Leaving out all pictures, reproduce the entries below exactly, from the first line through the line that contains "Mini abito senza".

_Dataset content_
--- START ---

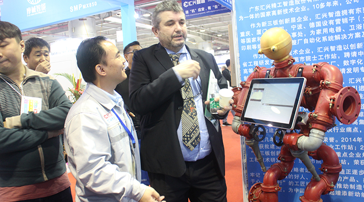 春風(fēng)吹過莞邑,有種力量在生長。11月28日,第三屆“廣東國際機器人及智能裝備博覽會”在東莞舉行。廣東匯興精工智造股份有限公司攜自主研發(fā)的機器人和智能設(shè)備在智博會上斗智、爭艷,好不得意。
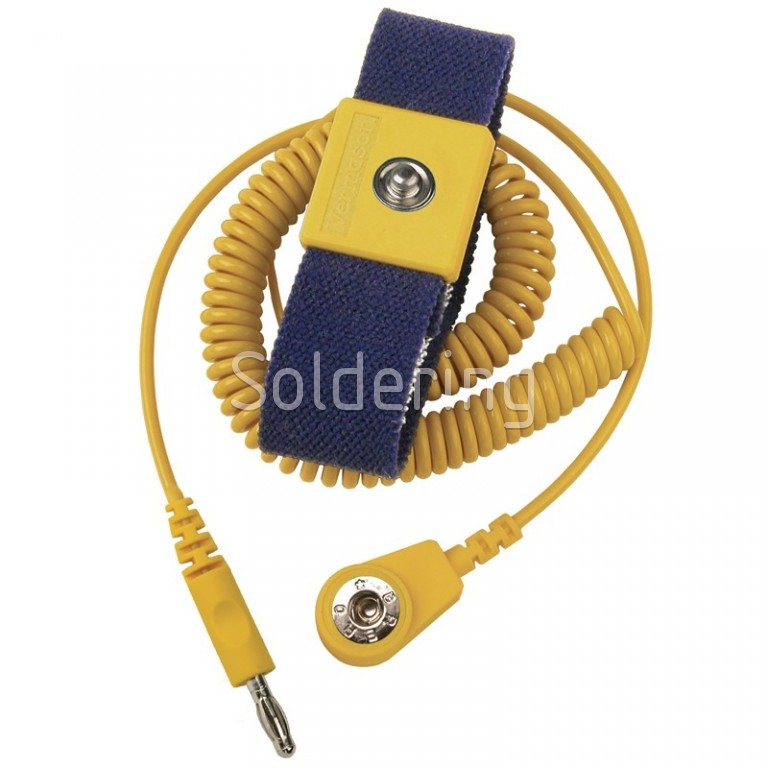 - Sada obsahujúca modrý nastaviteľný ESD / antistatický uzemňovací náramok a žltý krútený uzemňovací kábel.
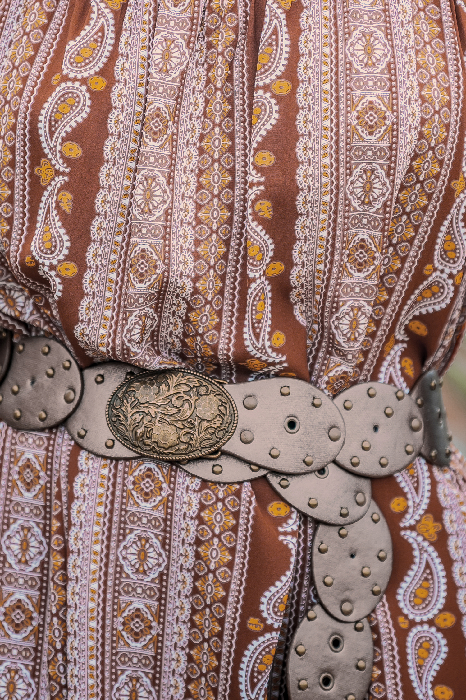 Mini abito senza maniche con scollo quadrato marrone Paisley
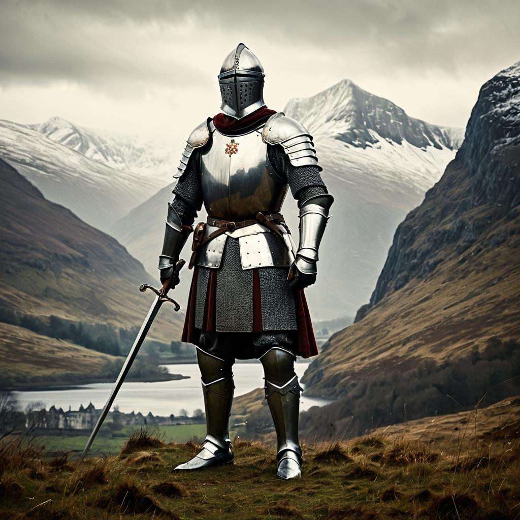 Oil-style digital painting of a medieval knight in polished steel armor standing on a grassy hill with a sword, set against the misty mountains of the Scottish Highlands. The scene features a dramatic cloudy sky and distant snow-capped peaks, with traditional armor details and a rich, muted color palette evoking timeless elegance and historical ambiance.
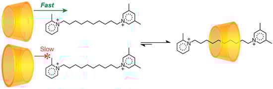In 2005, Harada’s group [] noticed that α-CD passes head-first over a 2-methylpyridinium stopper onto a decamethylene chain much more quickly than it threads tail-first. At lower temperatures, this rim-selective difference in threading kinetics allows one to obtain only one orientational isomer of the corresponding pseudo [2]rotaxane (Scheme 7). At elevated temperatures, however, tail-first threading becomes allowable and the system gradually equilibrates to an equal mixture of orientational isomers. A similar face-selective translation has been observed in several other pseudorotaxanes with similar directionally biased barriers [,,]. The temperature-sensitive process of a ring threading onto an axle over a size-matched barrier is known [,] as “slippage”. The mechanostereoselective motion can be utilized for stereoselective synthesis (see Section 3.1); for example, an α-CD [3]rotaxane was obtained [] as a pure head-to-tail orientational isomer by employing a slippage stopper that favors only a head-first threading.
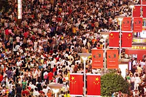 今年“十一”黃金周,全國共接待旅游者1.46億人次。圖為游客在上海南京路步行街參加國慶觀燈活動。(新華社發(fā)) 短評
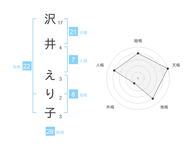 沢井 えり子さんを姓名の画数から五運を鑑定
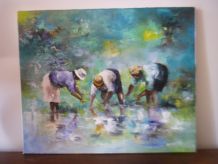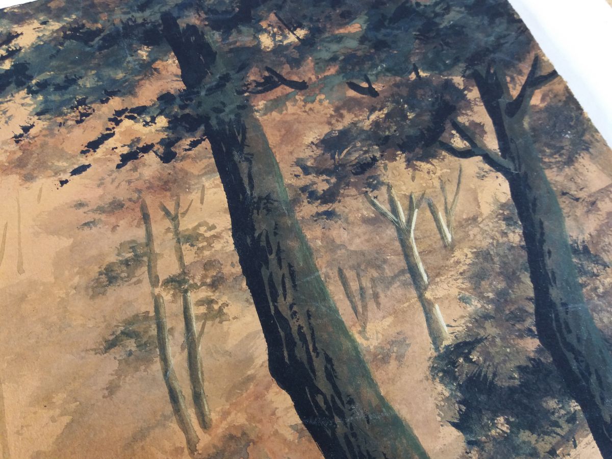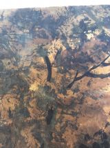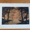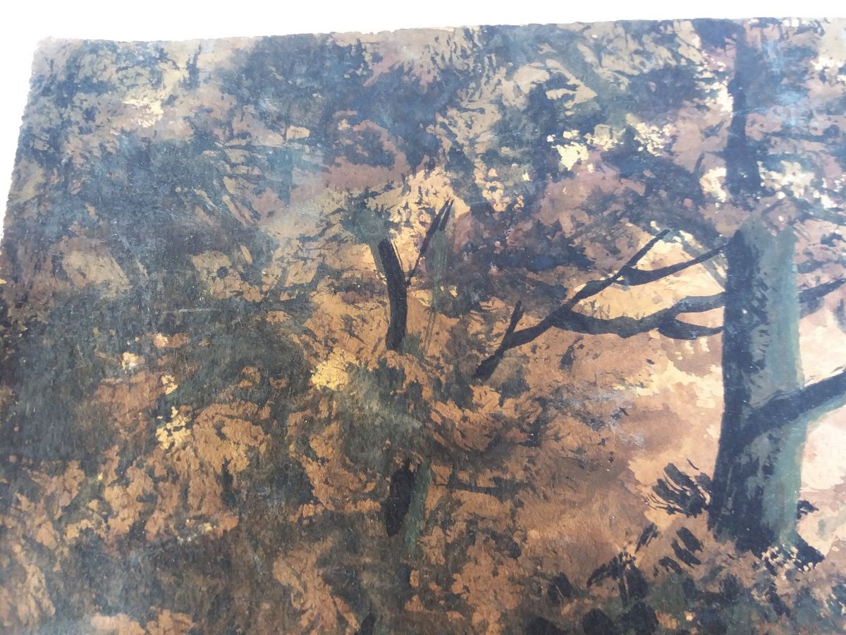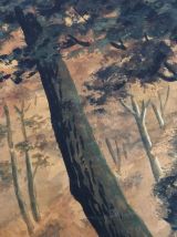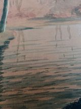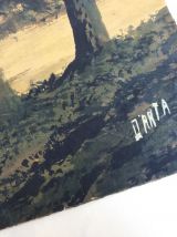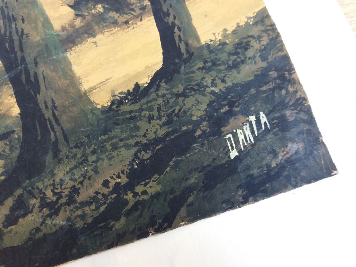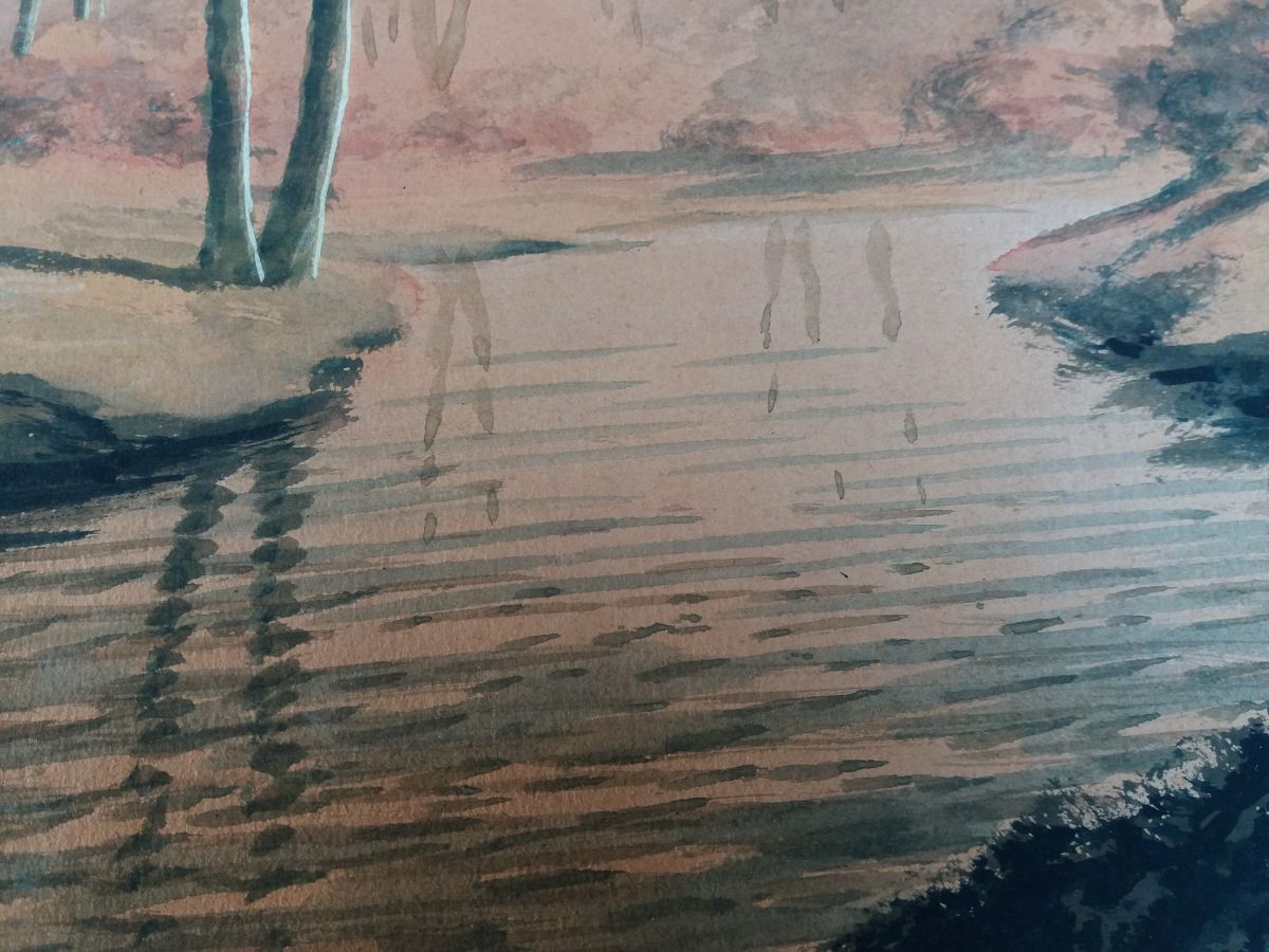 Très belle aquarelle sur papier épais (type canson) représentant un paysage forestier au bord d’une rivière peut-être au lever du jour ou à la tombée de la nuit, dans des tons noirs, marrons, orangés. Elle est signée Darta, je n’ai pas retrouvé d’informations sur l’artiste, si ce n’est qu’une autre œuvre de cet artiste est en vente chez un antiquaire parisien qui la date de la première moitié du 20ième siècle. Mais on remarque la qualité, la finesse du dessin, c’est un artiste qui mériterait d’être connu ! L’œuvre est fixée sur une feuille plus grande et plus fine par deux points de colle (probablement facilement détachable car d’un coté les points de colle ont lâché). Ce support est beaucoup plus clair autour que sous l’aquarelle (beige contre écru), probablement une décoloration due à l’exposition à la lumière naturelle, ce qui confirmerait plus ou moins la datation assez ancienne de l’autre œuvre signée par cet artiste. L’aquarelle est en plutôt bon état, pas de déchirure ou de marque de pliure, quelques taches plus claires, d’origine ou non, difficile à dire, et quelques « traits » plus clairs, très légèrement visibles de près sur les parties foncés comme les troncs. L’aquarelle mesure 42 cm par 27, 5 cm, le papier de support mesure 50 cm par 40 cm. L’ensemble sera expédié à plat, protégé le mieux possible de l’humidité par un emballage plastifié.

--- END ---

_Solution for this task_
 春風(fēng)吹過莞邑,有種力量在生長。11月28日,第三屆“廣東國際機器人及智能裝備博覽會”在東莞舉行。廣東匯興精工智造股份有限公司攜自主研發(fā)的機器人和智能設(shè)備在智博會上斗智、爭艷,好不得意。
 - Sada obsahujúca modrý nastaviteľný ESD / antistatický uzemňovací náramok a žltý krútený uzemňovací kábel.
 Mini abito senza maniche con scollo quadrato marrone Paisley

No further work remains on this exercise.